* **DATASET SECTION**:
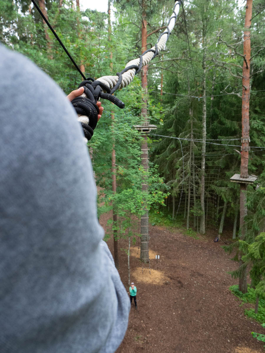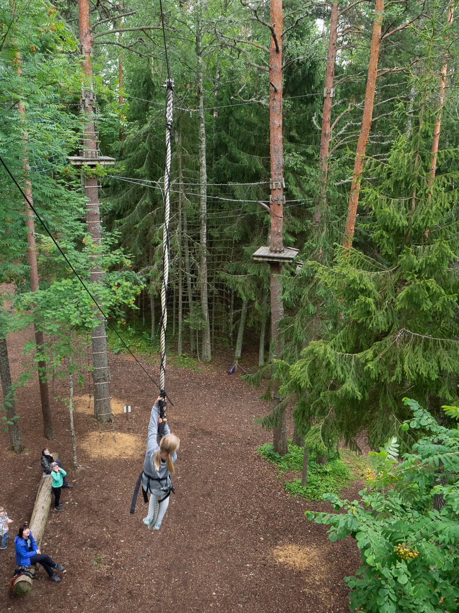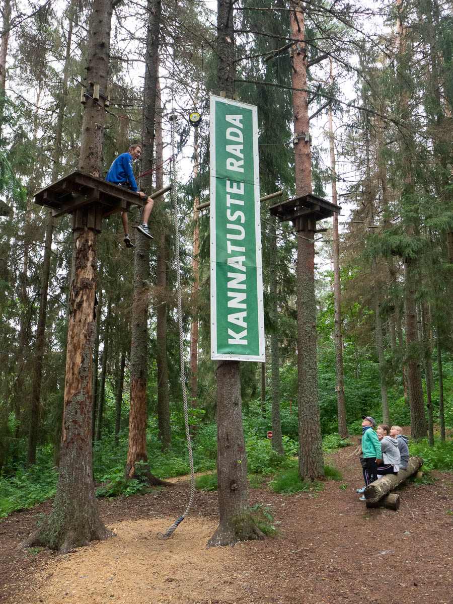 Our annual visit to Otepää adventure park with a bunch of friends and kids. Ingrid on all five trails; Adrian on three; all three of us on the ziplines.
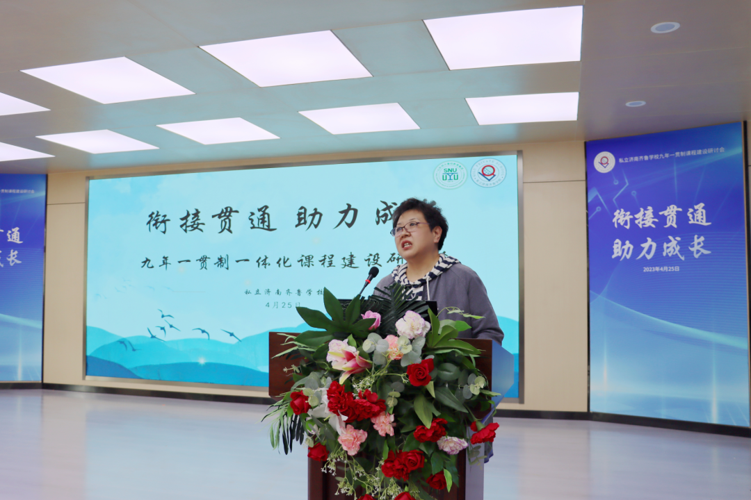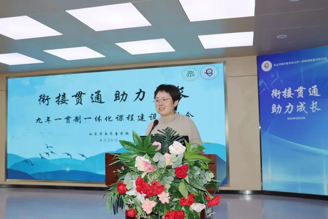 活动伊始,齐鲁学校校长孙艳梅作《一体化培养 赋能齐鲁学子更健康成长》的主题报告。她向与会教师分享了九年一贯制学校课程一体化培养的路径与思考。孙校长指出:齐鲁学校以课程为核心打通了“中小学”发展的壁垒,以“看见每一个,发展每一个,成就每一个”的初心和行动,充分发挥九年一贯的优势,用理念引路,用课程赋能,用一体化保障,助力每一个孩子“体魄健康、人格健全、成绩优异”,努力成为最好的自己。
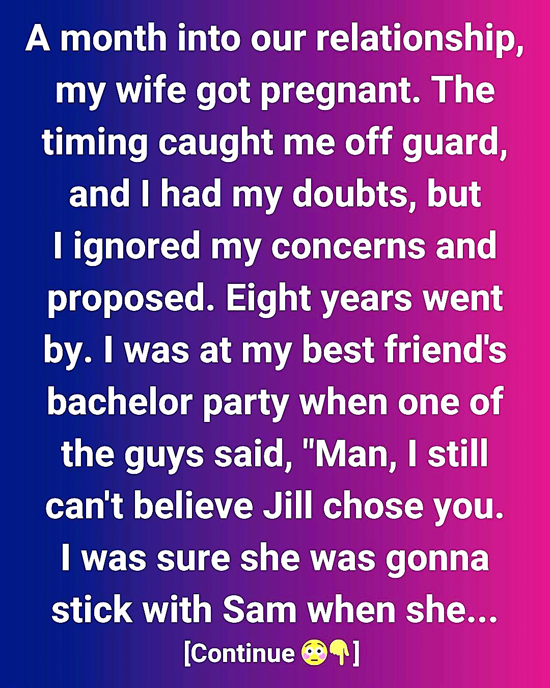 At first, the words barely registered. I laughed it off, thinking it was just nonsense. But then the conversation changed. Others joined in, their words slurred but cuttingly clear. Apparently, Jill had been with Sam just before we got together. When she found out she was pregnant, she chose me, believing I would be the better option as a husband and father.

* **YOUR GOAL**: Retype the full listing exactly; pictures stay out.

* **ANSWER TO THIS PROBLEM**:
 Our annual visit to Otepää adventure park with a bunch of friends and kids. Ingrid on all five trails; Adrian on three; all three of us on the ziplines.
 活动伊始,齐鲁学校校长孙艳梅作《一体化培养 赋能齐鲁学子更健康成长》的主题报告。她向与会教师分享了九年一贯制学校课程一体化培养的路径与思考。孙校长指出:齐鲁学校以课程为核心打通了“中小学”发展的壁垒,以“看见每一个,发展每一个,成就每一个”的初心和行动,充分发挥九年一贯的优势,用理念引路,用课程赋能,用一体化保障,助力每一个孩子“体魄健康、人格健全、成绩优异”,努力成为最好的自己。
 At first, the words barely registered. I laughed it off, thinking it was just nonsense. But then the conversation changed. Others joined in, their words slurred but cuttingly clear. Apparently, Jill had been with Sam just before we got together. When she found out she was pregnant, she chose me, believing I would be the better option as a husband and father.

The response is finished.